• _ACTIVITY_: Scan the records below for the line with "이렇게 getter/setter를 작성하면" and the line with "这是已经内装服役的型号,具体", and retype that range exactly, both ends included, pictures excepted.

• _THE RECORDS_:

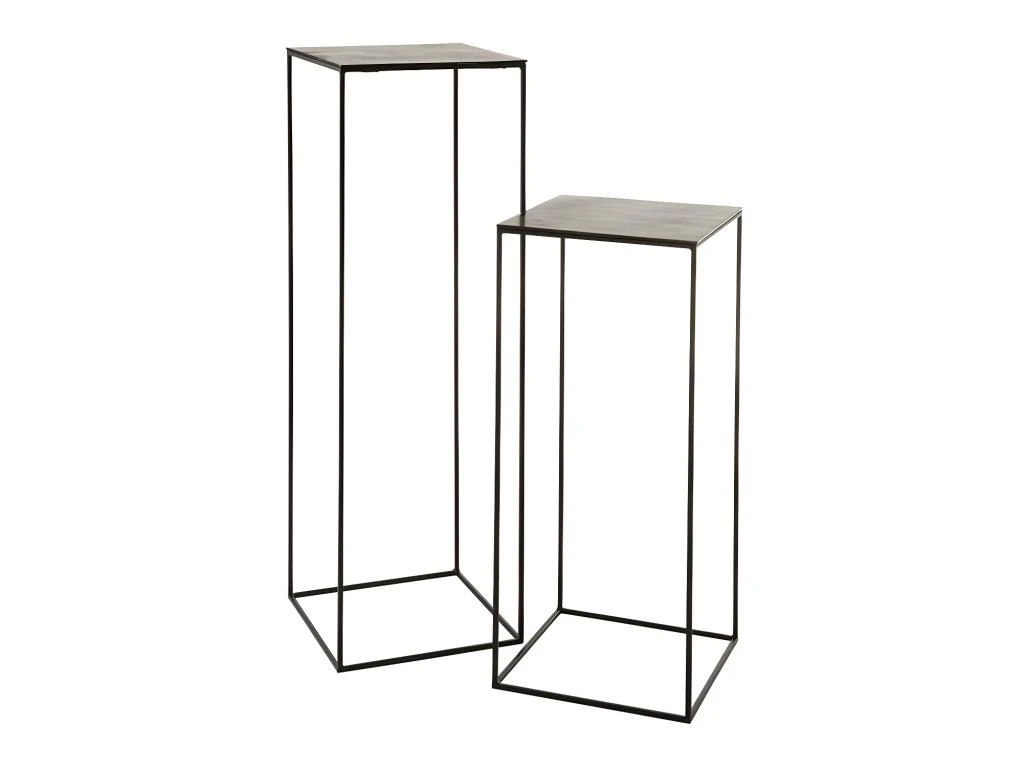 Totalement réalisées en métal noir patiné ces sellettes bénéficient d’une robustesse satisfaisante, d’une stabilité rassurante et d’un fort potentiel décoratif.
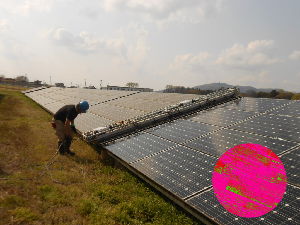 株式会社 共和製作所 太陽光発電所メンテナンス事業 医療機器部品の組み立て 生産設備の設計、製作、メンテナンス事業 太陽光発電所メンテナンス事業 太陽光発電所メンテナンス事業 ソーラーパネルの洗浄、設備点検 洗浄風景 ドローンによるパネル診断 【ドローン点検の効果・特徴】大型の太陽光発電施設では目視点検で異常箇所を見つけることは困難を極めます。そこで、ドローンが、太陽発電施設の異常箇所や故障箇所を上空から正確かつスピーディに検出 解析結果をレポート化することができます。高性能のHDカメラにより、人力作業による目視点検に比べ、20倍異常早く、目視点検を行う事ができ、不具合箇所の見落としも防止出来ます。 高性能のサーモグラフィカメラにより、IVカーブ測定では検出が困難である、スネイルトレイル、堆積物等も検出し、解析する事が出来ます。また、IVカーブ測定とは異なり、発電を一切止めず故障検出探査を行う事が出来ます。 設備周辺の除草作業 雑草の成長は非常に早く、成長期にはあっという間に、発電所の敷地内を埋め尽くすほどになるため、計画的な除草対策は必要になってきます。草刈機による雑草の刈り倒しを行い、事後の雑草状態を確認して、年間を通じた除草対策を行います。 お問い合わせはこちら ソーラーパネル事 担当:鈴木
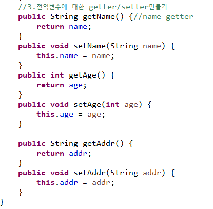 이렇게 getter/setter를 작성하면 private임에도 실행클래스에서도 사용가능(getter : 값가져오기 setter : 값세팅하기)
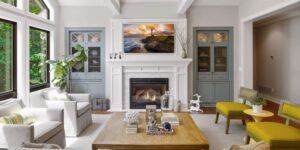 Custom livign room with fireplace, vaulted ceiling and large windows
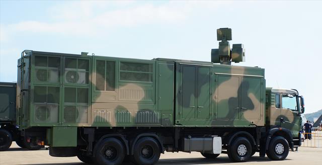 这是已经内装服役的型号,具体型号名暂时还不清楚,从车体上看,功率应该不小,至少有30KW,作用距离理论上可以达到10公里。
---
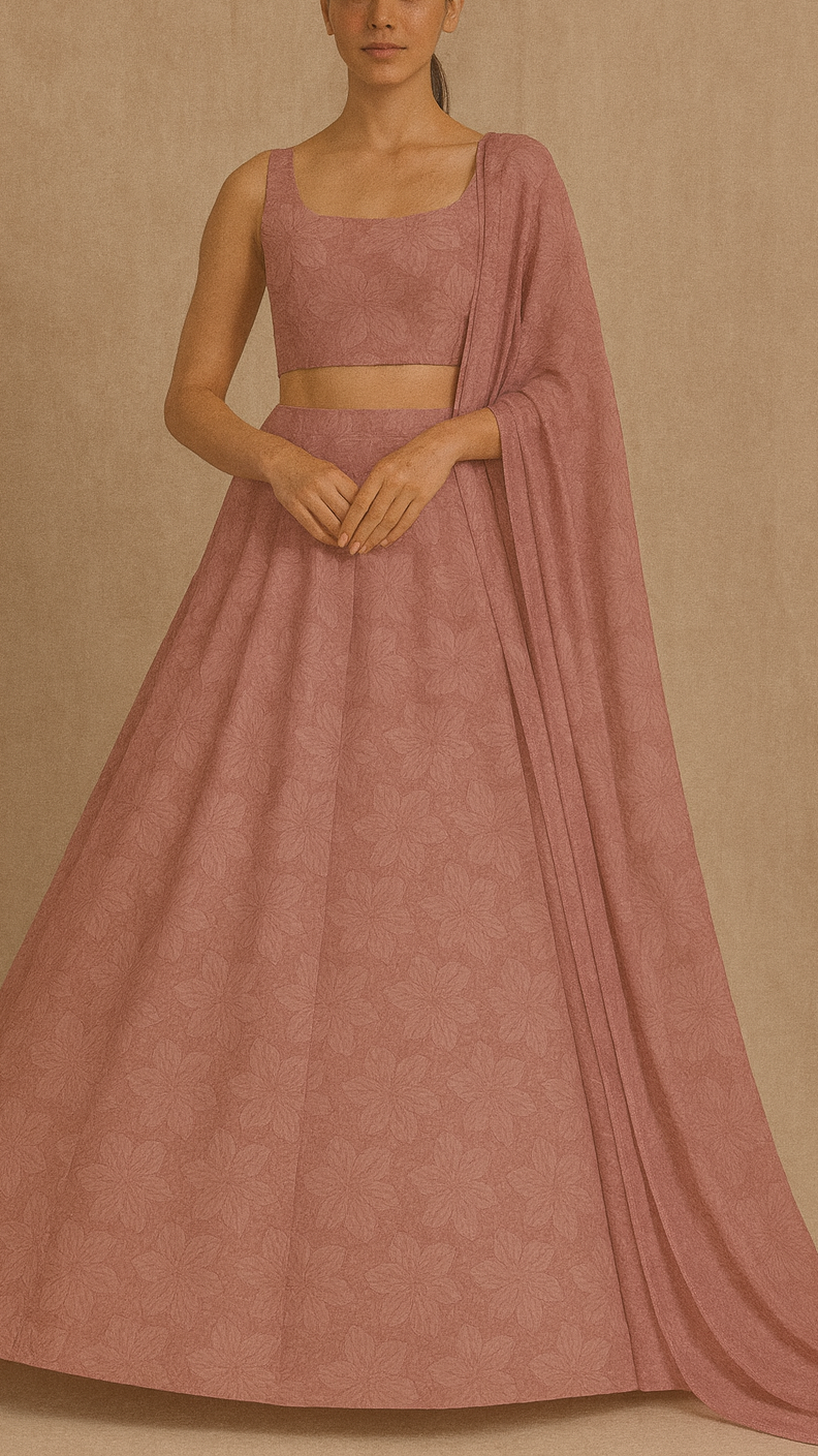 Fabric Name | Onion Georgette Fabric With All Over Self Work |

• _EXERCISE RESPONSE_:
 이렇게 getter/setter를 작성하면 private임에도 실행클래스에서도 사용가능(getter : 값가져오기 setter : 값세팅하기)
 Custom livign room with fireplace, vaulted ceiling and large windows
 这是已经内装服役的型号,具体型号名暂时还不清楚,从车体上看,功率应该不小,至少有30KW,作用距离理论上可以达到10公里。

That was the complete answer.